*** Opening Data records ***
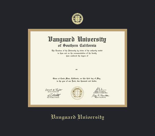 Vanguard University Diploma Frame with Black and Gold Double Mat and Gold Embossing
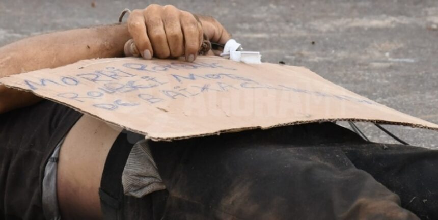 Corpo de homem é encontrado com recado em papelão “morri porque roubei moto de baixa cilindrada”
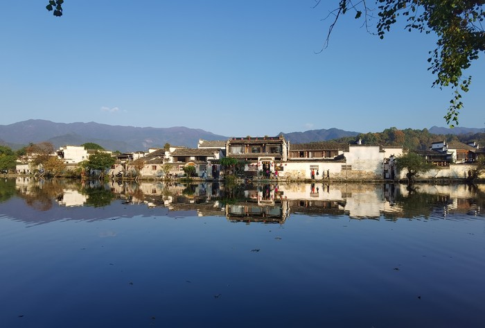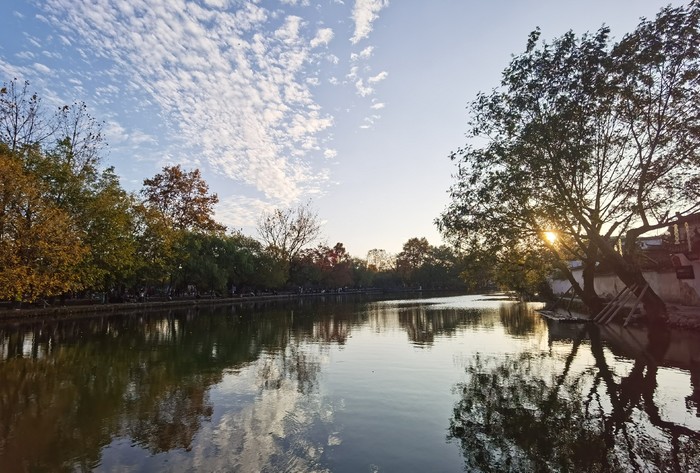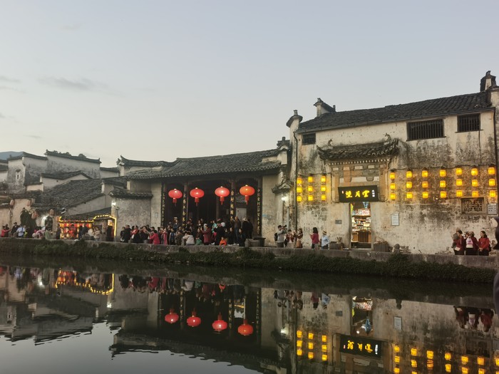 夕阳西下,南湖逐渐黯淡下来,月沼周围的灯火点亮,宏村的夜刚刚开始。
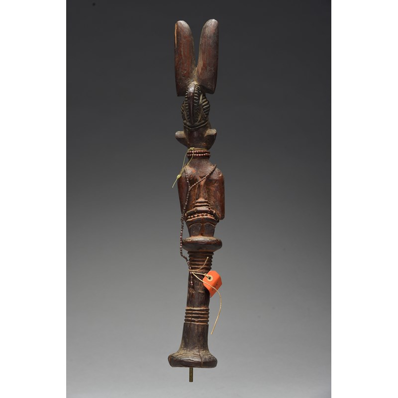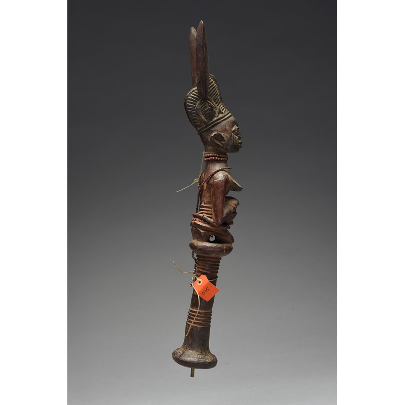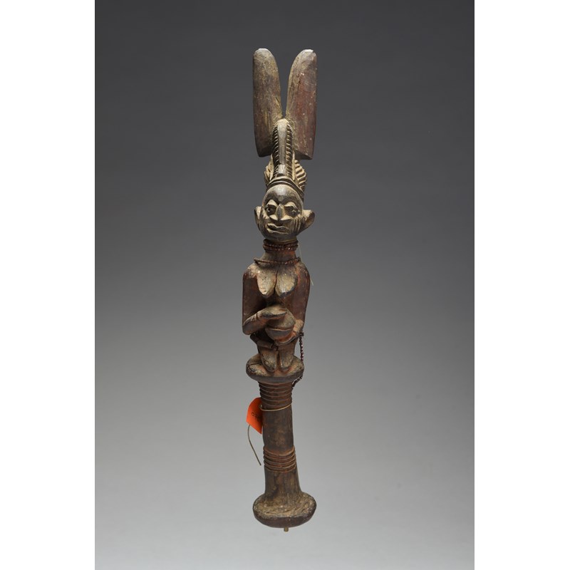 the kneeling female figure holding a covered bowl, with facial scarifications and with a thunder axe to the high coiffure, wearing glass beads and with a ring banded reel type handle,
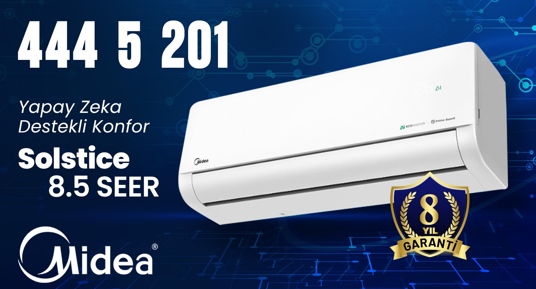 Midea Klima Model : Xtreme Save Eco ve CB1 = 6 Yıl Garantili Midea Klima Model : Breezeles / All Easy Pro / GAIA = 8 Yıl Garantili Midea Klima Model: Multi Split ve Ticari seri ( Kanallı, Kaset, Salon, Yer-tavan ) klimalarda 2 yıl Garanti süresi
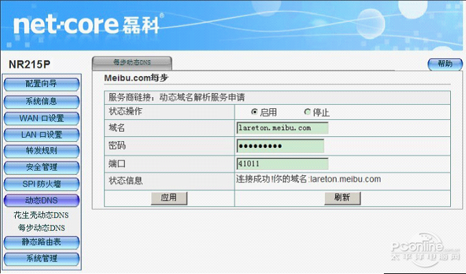 然后下載其客戶端,由于NR215P內(nèi)嵌了每步動(dòng)態(tài)域名服務(wù),所以可以不用下載其客戶端。在NR215P操作界面中動(dòng)態(tài)DDNS(每步動(dòng)態(tài)DDNS)中填入你注冊(cè)的域名:
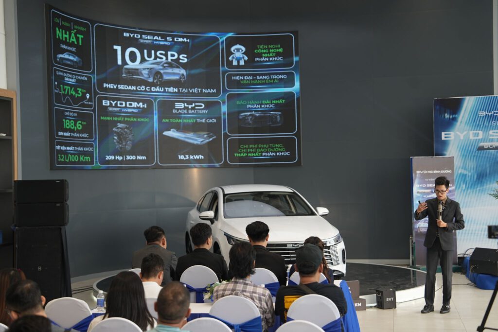 MC: Sáng nay, tại Showroom BYD Bình Dương – Showroom có quy mô lớn của BYD tại Thành phố Hồ Chí Minh đã chính thức ra mắt mẫu xe BYD SEAL 5 DM-i với chủ đề “Nội lực kiên định – Khí chất tiên phong.” Đây một biểu tượng mới trong ngành ô tô, là dấu mốc quan trọng trong hành trình phát triển của BYD tại Việt Nam.
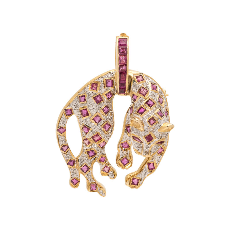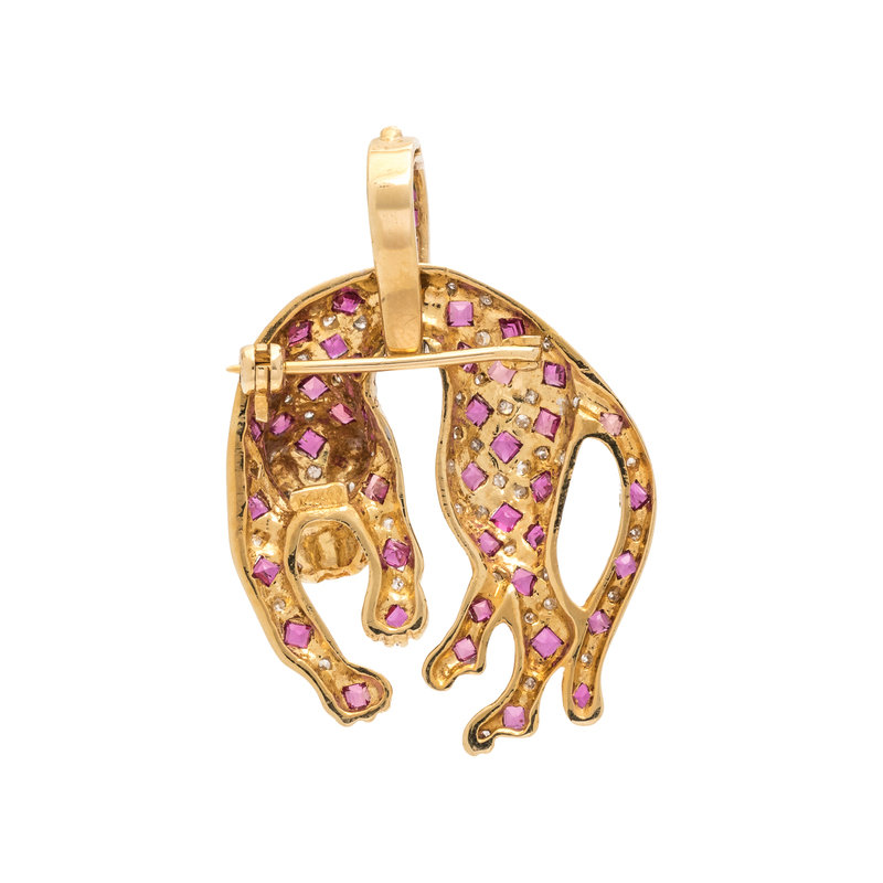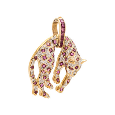 SYNTHETIC RUBY AND DIAMOND LEOPARD PENDANT/BROOCH
*** Closing Data records ***
▶ [What this task involves]: Your task is to reproduce the entries above word for word, from the first line through the line with "然后下載其客戶端,由于NR2", and please leave out any pictures.

▶ [Exercise answer]:
 Vanguard University Diploma Frame with Black and Gold Double Mat and Gold Embossing
 Corpo de homem é encontrado com recado em papelão “morri porque roubei moto de baixa cilindrada”
 夕阳西下,南湖逐渐黯淡下来,月沼周围的灯火点亮,宏村的夜刚刚开始。
 the kneeling female figure holding a covered bowl, with facial scarifications and with a thunder axe to the high coiffure, wearing glass beads and with a ring banded reel type handle,
 Midea Klima Model : Xtreme Save Eco ve CB1 = 6 Yıl Garantili Midea Klima Model : Breezeles / All Easy Pro / GAIA = 8 Yıl Garantili Midea Klima Model: Multi Split ve Ticari seri ( Kanallı, Kaset, Salon, Yer-tavan ) klimalarda 2 yıl Garanti süresi
 然后下載其客戶端,由于NR215P內(nèi)嵌了每步動(dòng)態(tài)域名服務(wù),所以可以不用下載其客戶端。在NR215P操作界面中動(dòng)態(tài)DDNS(每步動(dòng)態(tài)DDNS)中填入你注冊(cè)的域名:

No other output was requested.